The knowledge-graph node attribute is a separate consumer path, not a
write path from persist_quality: wiki_graphify reads the sidecar JSON
produced by sink 1 and attaches quality_score / quality_grade to each
node on its next build.
Register the Stop hook¶
The hook runs once per session-end. It reads skill-events.jsonl since
its last run, collects every slug that appeared, and calls
skill_quality.py recompute --slugs <comma-list> — so scoring is
incremental (touched skills only), not a full 2,000-page sweep.
Edit ~/.claude/settings.json and add, replacing <REPO> with the
absolute path to this checkout (use forward slashes on Windows):
{
"hooks": {
"Stop": [
{
"hooks": [
{
"type": "command",
"command": "python <REPO>/hooks/quality_on_session_end.py"
}
]
}
]
}
}
The hook always exits 0: a scoring error will not block session shutdown.
Seed the sidecars (first run only)¶
Run once after install so every installed skill has a baseline score:
This walks ~/.claude/skills/*/SKILL.md and ~/.claude/agents/*.md,
scores each, and writes the three on-disk sinks. Expect ~15–30s depending on
corpus size and disk.
CLI reference¶
# Full recompute (use sparingly; the Stop hook handles incrementals).
ctx-skill-quality recompute --all
# One slug.
ctx-skill-quality recompute --slug python-testing
# Show the most recent score.
ctx-skill-quality show python-testing
# Signal-by-signal breakdown with evidence.
ctx-skill-quality explain python-testing
# List every slug with its grade, filtered.
ctx-skill-quality list --grade D
All verbs accept --json for piping into other tools.
Graph integration¶
wiki_graphify.py reads the sidecar directory automatically and
attaches quality_score and quality_grade to every matching node. The
Obsidian graph view can then color nodes by grade — configure the
quality_grade property in Obsidian's graph settings.
Nodes without a sidecar get quality_score: null and quality_grade:
null so downstream consumers can always read the attribute safely.
Configuration¶
All knobs live in src/config.json under the top-level quality key:
{
"quality": {
"weights": {
"telemetry": 0.40, "intake": 0.20, "graph": 0.25, "routing": 0.15
},
"agent_weights": {
"telemetry": 0.15, "intake": 0.30, "graph": 0.35, "routing": 0.20
},
"grade_thresholds": {"A": 0.80, "B": 0.60, "C": 0.40},
"stale_threshold_days": 30.0,
"recent_window_days": 14.0,
"min_body_chars": 120,
"paths": {
"sidecar_dir": "~/.claude/skill-quality",
"router_trace": "~/.claude/router-trace.jsonl"
}
}
}
ctx_config.Config exposes this through cfg.get("quality", {}). User
overrides in ~/.claude/skill-system-config.json deep-merge over the
repo defaults, so you can pin only the keys you want to change.
Both weight vectors must sum to 1.0 (±0.01) and grade thresholds must
satisfy 0 ≤ C ≤ B ≤ A ≤ 1 — QualityConfig.__post_init__ will raise
on bad values, catching typos before they pollute sidecars.
Why two weight vectors¶
Skills and agents differ in how they're invoked. Skills are loaded automatically by the router, so telemetry (load counts, recency) is the strongest post-install quality signal — hence 0.40 weight.

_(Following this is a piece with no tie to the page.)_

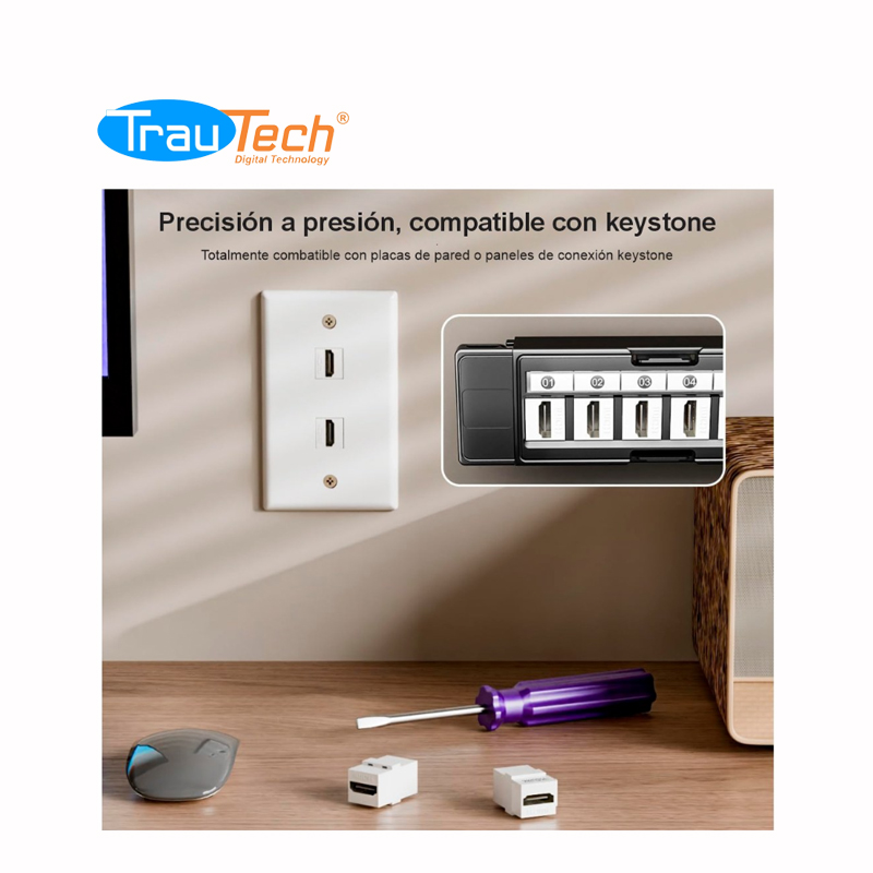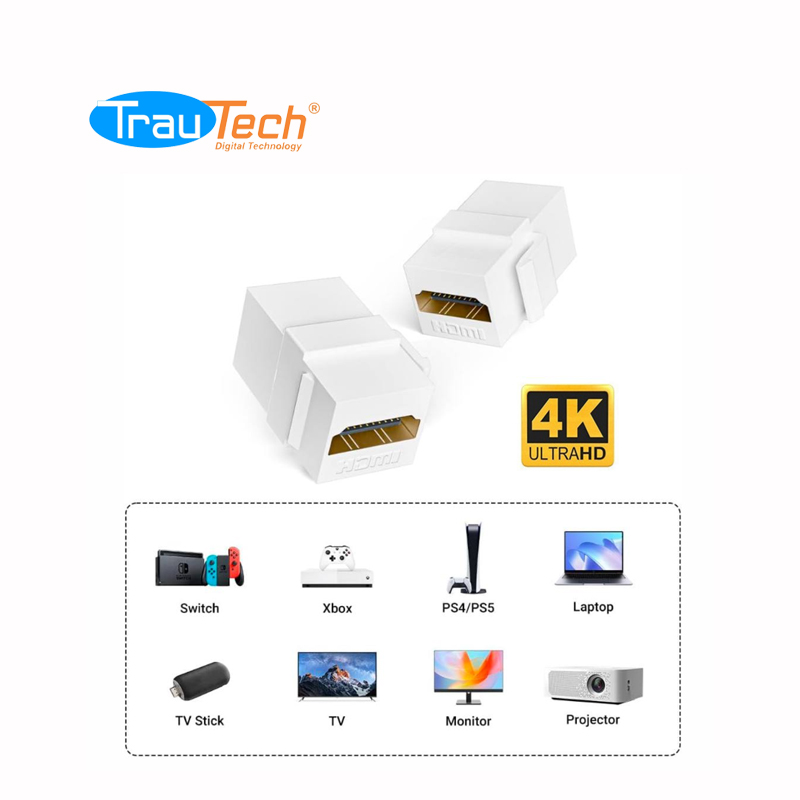 ADAPTADOR EMPALME UNION HDMI 2.0 HEMBRA A HEMBRA DADO RECTO PARA MODULO DE PLACA ULTRA HD 4K 60HZ TRAUTECH

Agents are invoked via the Agent tool, deliberately and rarely. A
seldom-used agent isn't stale, it's specialized. The agent weights
shift mass onto graph connectedness (0.35) and intake structure
(0.30) so agents aren't penalized for having an empty telemetry stream.
The never_loaded_stale hard floor, which caps skills at D when they
have zero load events, does not apply to agents for the same
reason.
Troubleshooting¶
- Every skill grades D. Telemetry hasn't accumulated enough load events yet. This is expected on a fresh install; the stop-hook will pick up real usage over the next few sessions.

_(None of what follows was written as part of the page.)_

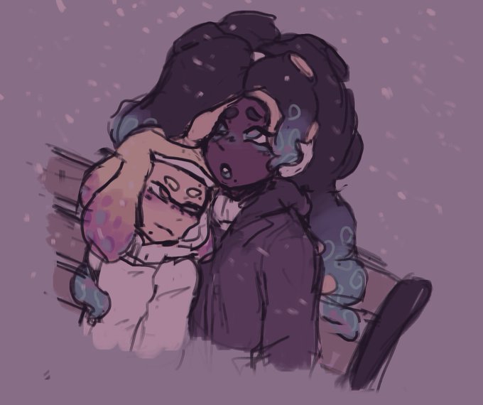 #pearlinaweek day 1: an unexpected snow day i know I said i wasnt gonna have time for it this year but i caved in and drew them 😭 most of these are gonna be quick doodles tho #pearlina #splatoon

- A recently-edited skill now grades F. Open the sidecar and look
at
signals.intake.evidence.checks— one of the six structural checks is failing. Fix the file and rerunrecompute --slug <name>. - Wiki page has two
## Qualitysections. Shouldn't happen —persist_qualityis idempotent via the HTML-comment markers. If it does, delete both blocks and rerunrecompute; the first pass will re-emit exactly one. - Graph view shows no color. Run
python -m wiki_graphify --graph-onlyto rebuild; it reads sidecars fresh on every build.